Catulo, o galo seresteiro do sertão

10 de maio de 1946. As ruas do Rio de Janeiro estão silenciosas. As pessoas falam em voz baixa, os verdureiros não cantam seus pregões, os passageiros dos bondes cochicham, comovidos, as últimas notícias. Das grã-finas do society às lavadeiras que descem os morros para entregar as roupas nos quartéis; do bacharel em direito ao menino que decora sua cartilha na janela, a emoção é a mesma. Homens, mulheres e crianças sentem a morte de Catulo da Paixão Cearense.

Da Capela Santa Terezinha, na Praça da República, até o Cemitério São Francisco de Paula, no Catumbi, o povo se aglomera para dar-lhe adeus. Os pais colocam seus filhos nos ombros para sauda-lo. Mulheres choram. As bandeiras, a meio pau, entristecem mais a paisagem, o comércio abaixa suas portas, e a Banda do Corpo de Bombeiros, à frente do cortejo, executa a marcha fúnebre.

Em pouco tempo o Brasil inteiro canta, soluçante:

Não há, oh gente
oh não, luar
como esse do sertão

Filho do ourives Amâncio José da Paixão Cearense e de Maria Celestina Braga Paixão, Catulo nasceu em São Luís do Maranhão em 8 de outubro de 1863 e, ainda criança, acompanhando os pais, mudou-se para a fazenda dos avós, no sertão do Ceará. Talvez seja nesse momento que surgiu seu interesse pelas coisas da terra, pelo linguajar típico do sertanejo, pelo sentimento exacerbado em suas letras e melodias. Catulo estuda flauta, instrumento que o seguiria até aos 17 anos.

Nesta época a arte brasileira é fortemente influenciada por Paris, a “Cidade Luz” e nossos intelectuais se vestem e se comportam de maneira afrancesada. O violão é marginalizado, considerado “instrumento de vagabundo” e seus cultores, junto com capoeiras e prostitutas vivem à margem.

Em 1880 Catulo muda-se para o Rio de Janeiro com seus pais e dois irmãos. Seu pai se estabelece como relojoeiro na rua São Clemente, em Botafogo, e mantém o sustento da casa e do jovem Catulo que continua seus estudos.

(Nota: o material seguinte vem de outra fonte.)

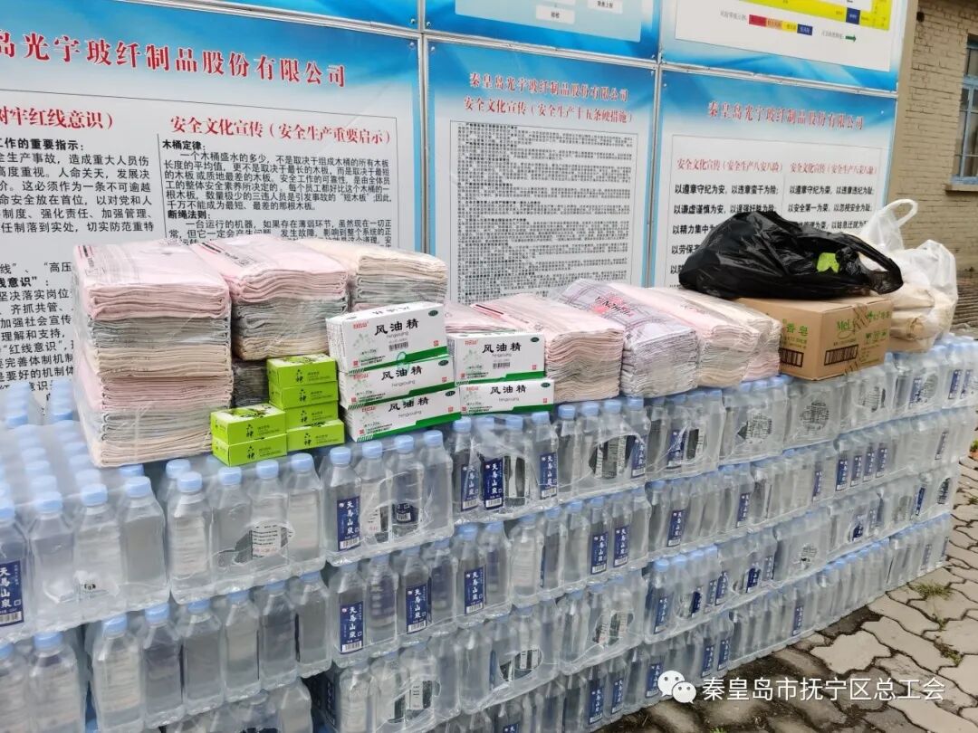 秦皇岛市抚宁区委常委、宣传部长杨德尧带队到秦皇岛光宇玻纤制品股份有限公司慰问在高温作业岗位上的一线劳动者。叮嘱他们一定要增强自我保护意识,注意防暑降温,确保安全生产,并送去茶叶、风油精、矿泉水等防暑降温用品。抚宁区总工会三级调研员曹新成和区总工会领导班子全员陪同。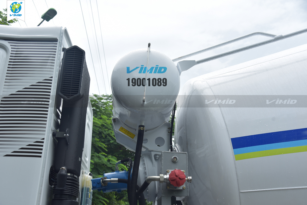 The V7X 380 12m³ Concrete Mixer Truck is also equipped with a wet air filter for the intake system before air enters the engine. This wet filter improves engine performance and environmental protection in several ways: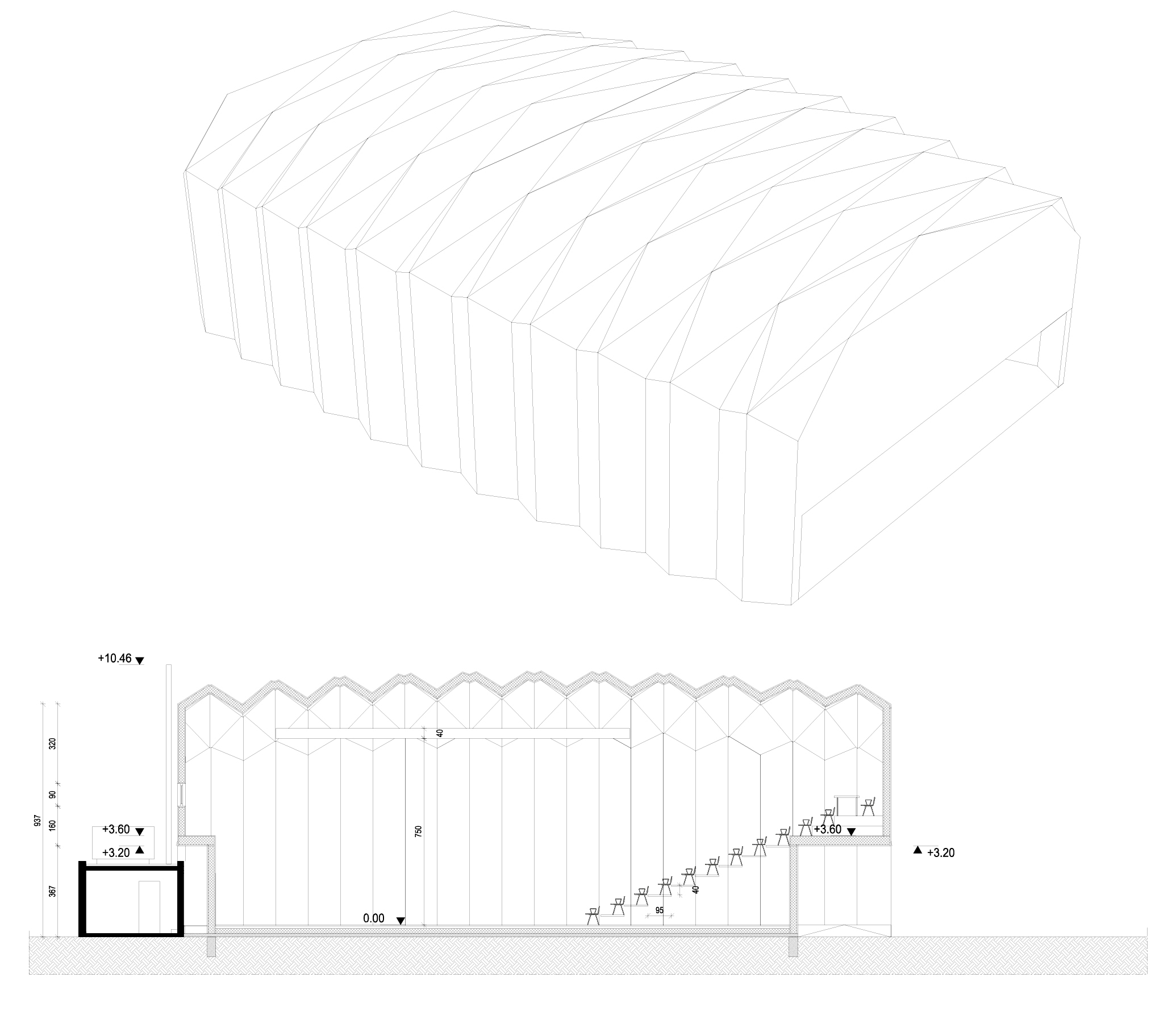 Wood: The pavilion’s structural system consists of a double-layered folded timber plates and does not use any screws, nails, or adhesives for connections. With a plate thickness of only 45 millimetres, the structure achieves a span of up to 20 meters without any additional supports. The cross laminated timber plates are connected through newly developed double tenon joints, inspired by traditional wood joinery. They allow for fast, precise, and easy assembly. The pavilion can also just as easily be disassembled. What makes these wood-wood connections special is that they are integrated into the panels. Thus, the construction requires highly customized prefabrication – the connections and panels are cut in a single operation using 5-axis CNC technology. Once assembled, the timber panels form the entirety of the structural system, minimizing the need for metal connections. The double-layered folded timber plate structure achieves its stability through the stiffness of its connections. This is the first-time innovative wood-wood connections were used for a building of this size.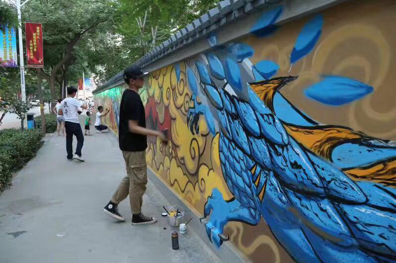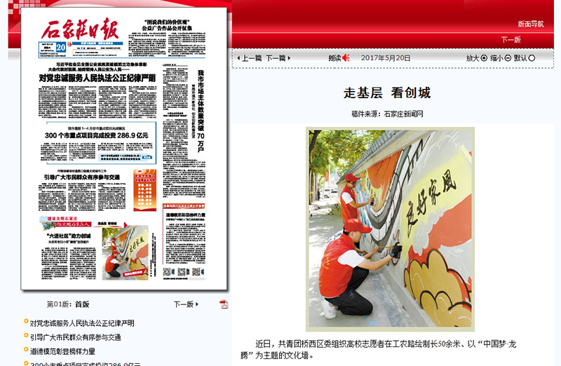近日,Beat365学生志愿者与省会桥西区南长街道对接,以“中国梦·龙腾”为主题,在工农路绘制长50余米的文化墙。通过墙面彩绘的形式,丰富文明公益宣传,倡导文明行为,同时抑制城市“牛皮癣”的滋生,传递文明“正能量”。墙面画栩栩如生、引人注目,得到周围居民的频频点赞,为平日单调的墙面增添色彩的同时,更为积极创建全国文明城市增添靓丽风景线。《石家庄日报》5月20日头版以《走基层 看创城》为题对墙面画进行报道。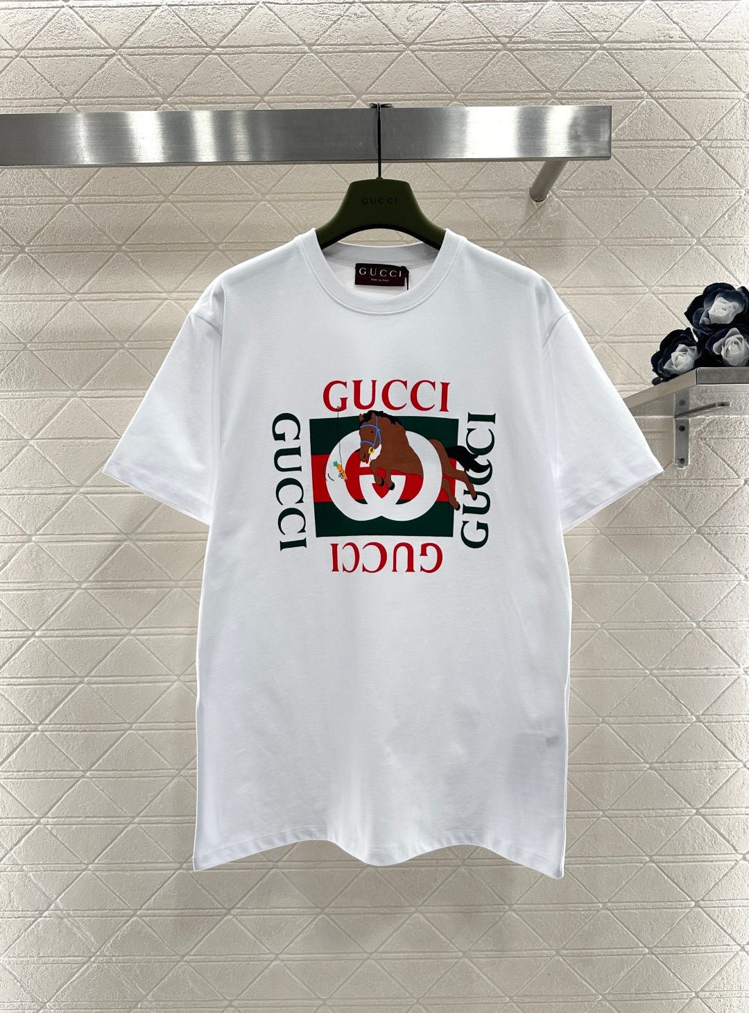 Made from pure cotton, this breathable and comfortable T-shirt boasts a premium feel. The loose-fitting short-sleeved design features the classic double G logo paired with a retro equestrian print. The contrasting red and green colors highlight the brand’s distinctive style. The simple white T-shirt is versatile and practical, while the skin-friendly cotton fabric provides comfort. Perfect for everyday wear, it showcases individuality while effortlessly achieving a sophisticated casual look. In keeping with the auspicious meaning of the Year of the Horse, it creates a high-fashion style.

Na cidade fervilham os intelectuais, boêmios, atrizes, cocotes, prostitutas, etc. E o jovem, que sempre gostou da boêmia, encontra ali seu meio, seus pares.

Freqüenta teatros, repúblicas de estudantes, cafés. Conhece violonista Anacleto de Medeiros, o cantor Cadete, o flautista Joaquim Callado e, trocando a flauta pelo violão – para espanto de muitos – começa a carreira que o levaria a ser “o maior criador de imagens da poesia brasileira”, no dizer de Mário de Andrade.

Mas, com a morte de sua mãe pouco tempo depois de chegar ao Rio, e de seu pai três anos depois, Catulo é obrigado a ganhar seu próprio sustento e começa a trabalhar no cais do porto, como estivador. É um trabalho duro, pesado. Mesmo assim continua sua vida de poeta e seresteiro.

Muito mulherengo, suas aventuras amorosas escandalizam. Beberrão, gastador, vive o dia a dia e se torna figura conhecida no meio intelectual e boêmio da Capital da República E em 1908, a convite do Maestro Alberto Nepomuceno, dá um concerto de violão que mudaria para sempre os padrões da cultura brasileira. A modinha é assobiada e cantada nas ruas e conquista a chamada “classe alta”.

Beberrão, gastador, passou o final de sua vida num barracão de madeira na rua Francisca Meier, no Engenho de Dentro, hoje Rua Catulo da Paixão Cearense. Ali recebias seus amigos, como o escritor Monteiro Lobato, e ali morreu, pobre, sem receber nada por sua obra cujos direitos autorais foram vendidos por preço irrisório.

Ontem ao Luar, Caboca di Caxangá e Luar do Sertão, são obras imortais de nosso cancioneiro.

Catulo da Paixão Cearense, além de violeiro – ou violonista – foi poeta, inovador e, principalmente, um homem que valorizou sua terra e soube compreender o sentimento de sua gente. Catulo da Paixão Cearense, maranhense, brasileiro, universal.